On the other hand, our work not only gives a comprehensive analysis of neural network models across integrated compute units but also tries to establish its relation with the performance of fundamental linear algebraic operations. To the best of our knowledge, our work is one of the first to present a complete analysis of benchmarking fundamental linear algebraic operations and ML models on edge platforms.

#### IV. EVALUATION

We benchmark key linear algebra operations and neural network models for inference. We are using Intel AIPC, which provides an integrated heterogeneous platform consisting of CPU, GPU, and NPU. Our benchmarking operation involves the use of multiple software frameworks that yield optimized results on Intel devices. In this section, we will provide a brief overview of these software frameworks and their workflows. Additionally, we will discuss the tasks involved along with the performance metrics we use for evaluation.

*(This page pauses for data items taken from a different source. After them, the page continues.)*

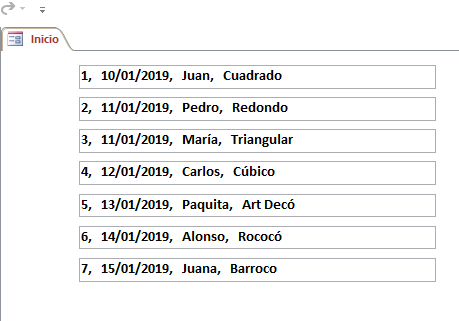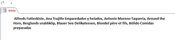 Private Sub Form_Load() Dim I As Byte, s As String For I = 1 To 8 s = "" & s & "" & ", " & DLookup("nombrecliente", "usar", "idcliente=" & I & "") Next Etiqueta3.Caption = Right("" & s & "", Len("" & s & "") - 1) End Sub
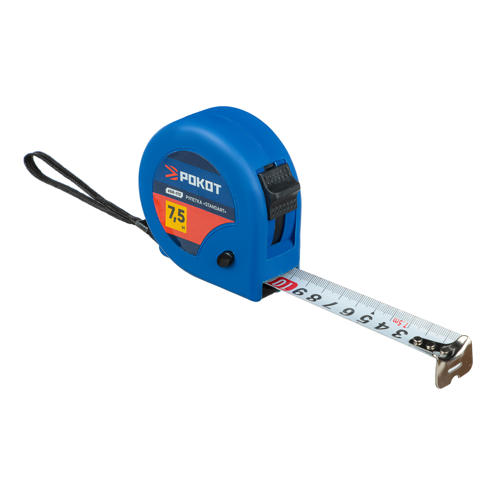 Рулетка Рокот Standart удобный и надежный инструмент для измерения длин и расстояний. Корпус рулетки выполнен из прочного ABS пластика, что обеспечивает ее долговечность и надежность. Лента изготовлена из инструментальной стали и имеет ширину 25 мм и длину 7,5 метров. С помощью этой рулетки вы сможете легко и точно измерять расстояния и длины в любых ситуациях.
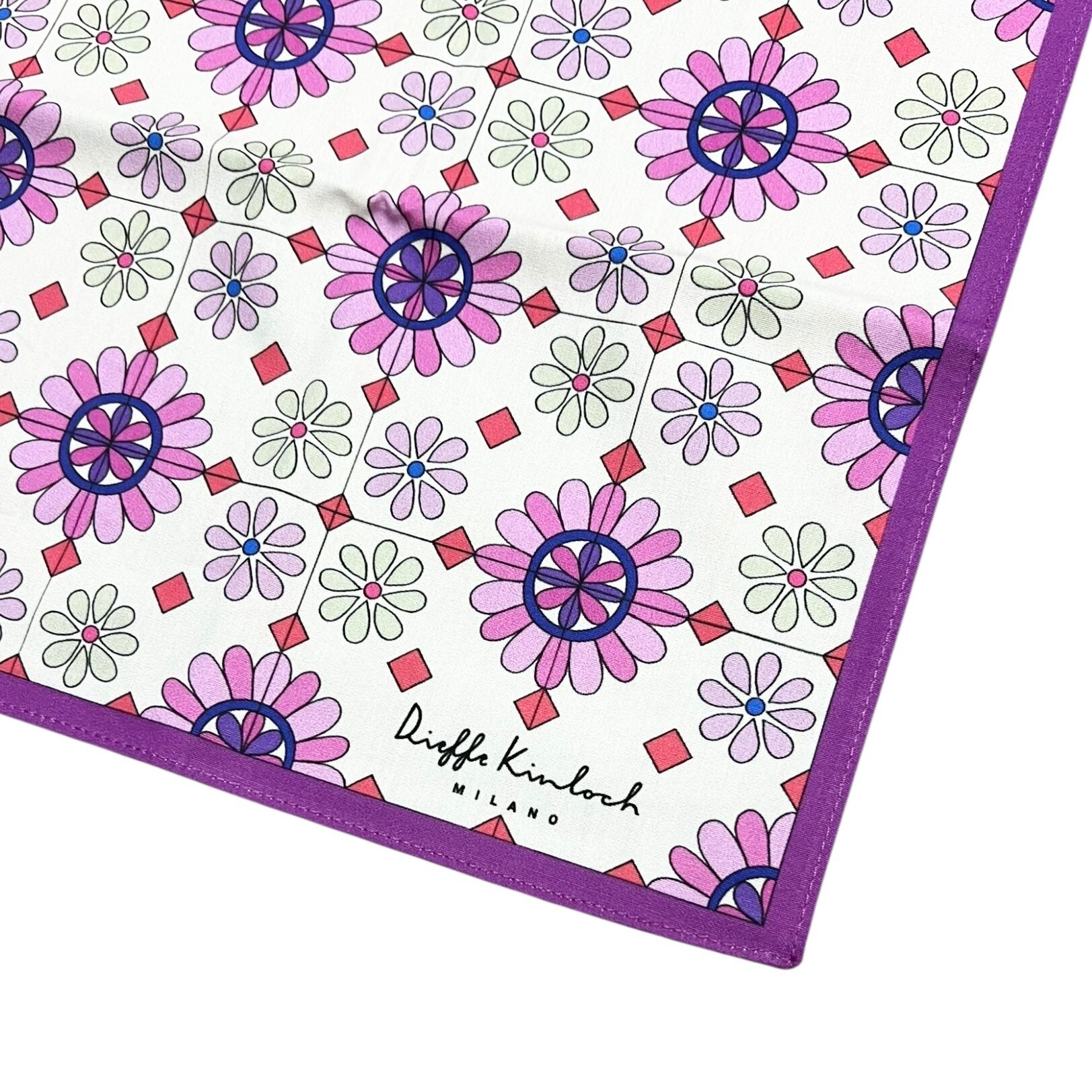 スカーフ一枚を広げるだけで、あたかもその場の雰囲気や、旅をしているような感覚を得られます。地中海の潮の香りが漂ってきそうなサンゴ、シチリアの庭園に住む動物たち、視覚と嗅覚から感じた、独特なイメージで描かれたベネチア。イタリアだけでなく、アジアやアラブなど世界各地の様々な風景や文化もデザインされ、キンロックの思いやフィロソフィーである、喜びや美 しさが存分に込められています。
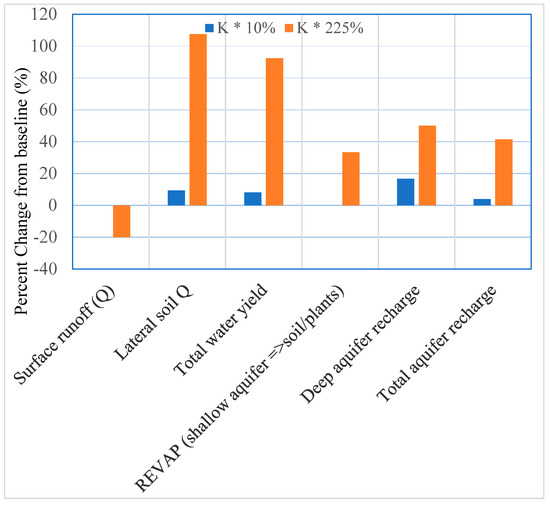 Given this scenario, the calibrated model predicts the average annual water budget basin values will be greatly altered (Figure 9). Surface runoff could potentially decrease (0–20%) and the lateral soil runoff could increase (9%–108%), pushing water underground. Groundwater (shallow aquifer) is predicted to increase (4%–42%) and groundwater (deep aquifer) could also increase (17%–50%). Total aquifer recharge could increase (4%–41%) and total water yield will increase (8%–92%). Percolation out of the soil will also increase (4%–42%; Figure 9).

Fig. 4: Workflow diagram of Intel frameworks illustrating coordination and workload distribution.

### A. Software Framework

For our experiments, we used two frameworks offered by Intel: OpenVINO and IPEX (Intel Extension for Pytorch). Additionally, for computations on NPU, we utilized Intel's NPU acceleration library, which is based on OpenVINO. The workflow of these frameworks is illustrated in Fig. 4. The OpenVINO framework coordinates communication and workload distribution across all memory and compute platforms. IPEX, an independent framework, can be used independently or in conjunction with OpenVINO. It offers optimizers that apply Intel device-specific optimizations to PyTorch models and distributes workloads between CPU and GPU by performing dynamic task scheduling. Both IPEX and OpenVINO implement lazy evaluation, which ensures that operations are executed only when results are required, thus reducing unnecessary memory access. Also, they ensure that operations on different platforms are executed asynchronously and tasks are scheduled dynamically. The NPU acceleration library optimizes NPU usage by exploiting its features of weight prefetching and efficient DMA accesses between cache and system memory, along with maximizing compute utilization.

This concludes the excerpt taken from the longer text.